Capability 4: Live case integration
Run live cases with a partner. Mix archetypes randomly. Practice the 5-stage flow under realistic time pressure. Do at least 8-10 live cases before your interview, with at least one mock written case if you’re at the MBA or experienced-hire stage.
For one-on-one preparation against the Kearney format specifically, coaching with Florian is available. The Case Interview Academy covers the case fundamentals and includes operations-specific content.
Frequently Asked Questions
How long is the Kearney case interview?
A typical Kearney case runs 25-40 minutes within a 60-minute interview slot that also includes 12-18 minutes of behavioral questions. The final-round written case is a separate 60-minute exercise plus 15-20 minutes of presentation and Q&A.
Are Kearney cases harder than McKinsey cases?
Different difficulty profile. McKinsey cases test interviewer-led structure quality and PEI fit more heavily. Kearney cases test candidate-led operational reasoning, no-calculator math, and archetype-specific knowledge more heavily. Most candidates find one easier based on background — operations and engineering backgrounds favor Kearney; pure strategy and humanities backgrounds often find McKinsey easier.
What case types does Kearney use most often?
Roughly 80% of Kearney cases fall into four archetypes: operations diagnostic, procurement strategy, supply chain optimization, and industrial growth strategy. Profitability and market entry cases appear less frequently than at MBB. Pricing and FS cases appear rarely compared to firms like Oliver Wyman.
Do you need operations background to pass a Kearney case?
Helpful, not required. Strong-school candidates from non-operations backgrounds win Kearney offers regularly, but they prepare deliberately for operations content. Expect to spend 10-15 hours of dedicated prep on operations methodology, manufacturing economics, and procurement levers if you don’t have prior exposure.

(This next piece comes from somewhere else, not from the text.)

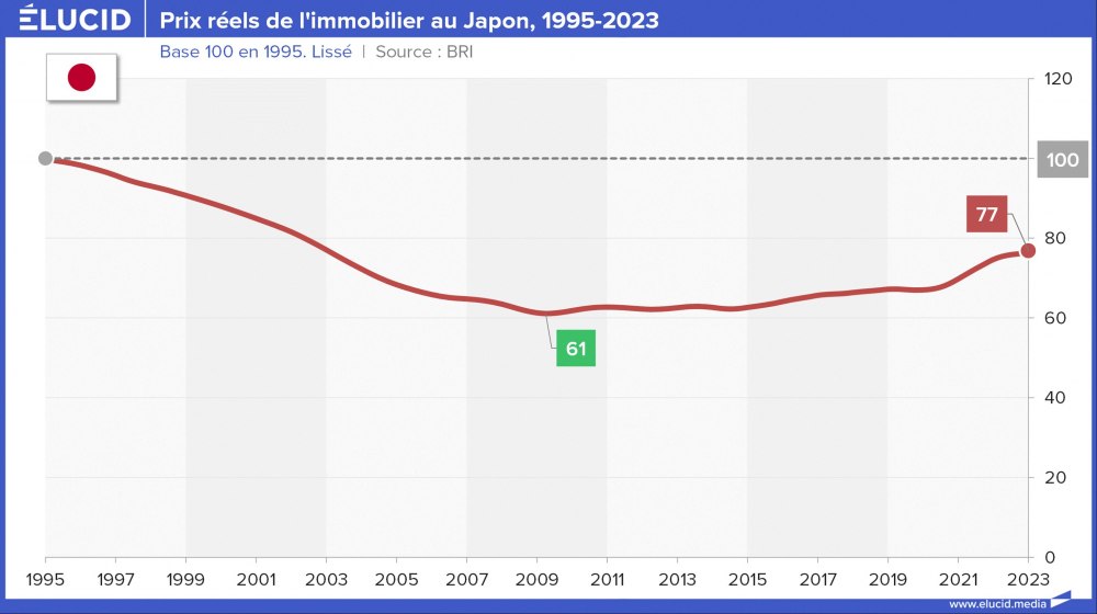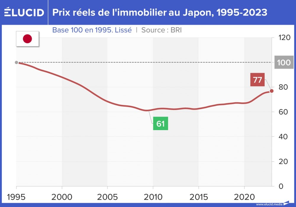 Le Japon est le premier pays à avoir connu une bulle immobilière. L’explosion de cette bulle au milieu des années 1990 a fait chuter les prix de l’immobilier de 1995 à 2009. Les prix du marché japonais ont ainsi baissé de 40 %, avant de réaugmenter de 15 % au cours de la décennie suivante.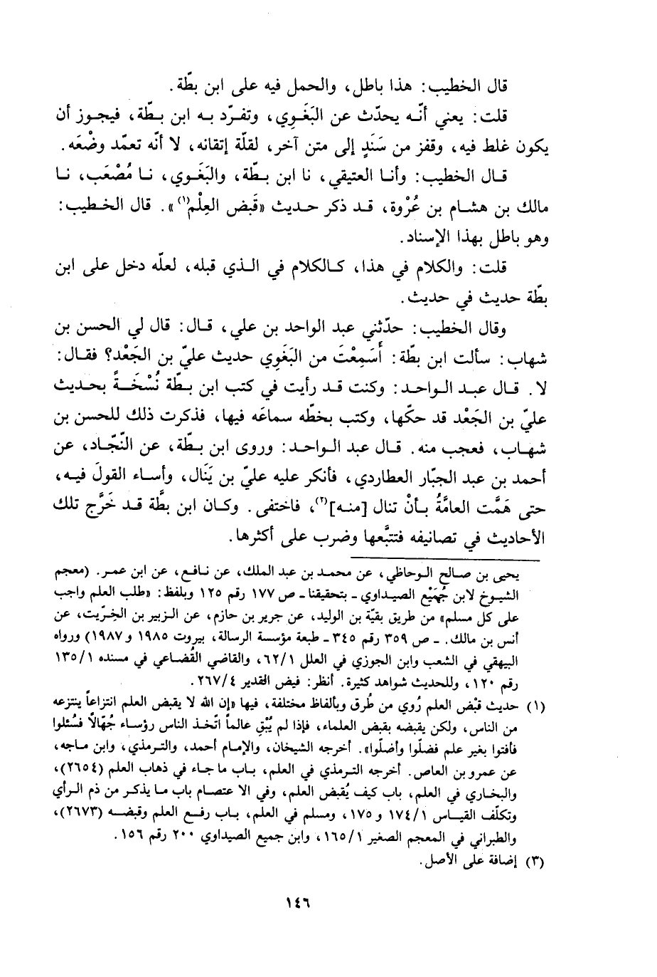 قَالَ الخطيب: وأنا العتيقي، نا ابن بطة، والبَغَوي، نا مُصْعَب، نا مالك بْن هشام بْن عُروة، قد ذكر حديث «قَبْض العِلْم [1] » . قَالَ الخطيب:

What is the Kearney written case like?
60 minutes to analyze a packet of 10-20 pages and prepare a PowerPoint recommendation, followed by 15-20 minutes presenting and answering questions. Most candidates underprep the written case relative to the live case, and it’s a common stumble in final rounds. The format is more demanding than OW’s written case due to the longer time window and slide-output expectation.
Can I use a calculator in the Kearney case interview?
No. Mental math is required throughout the case interview and the Kearney Recruitment Test. Some offices may allow basic calculators in the written case; confirm with your recruiter before final rounds.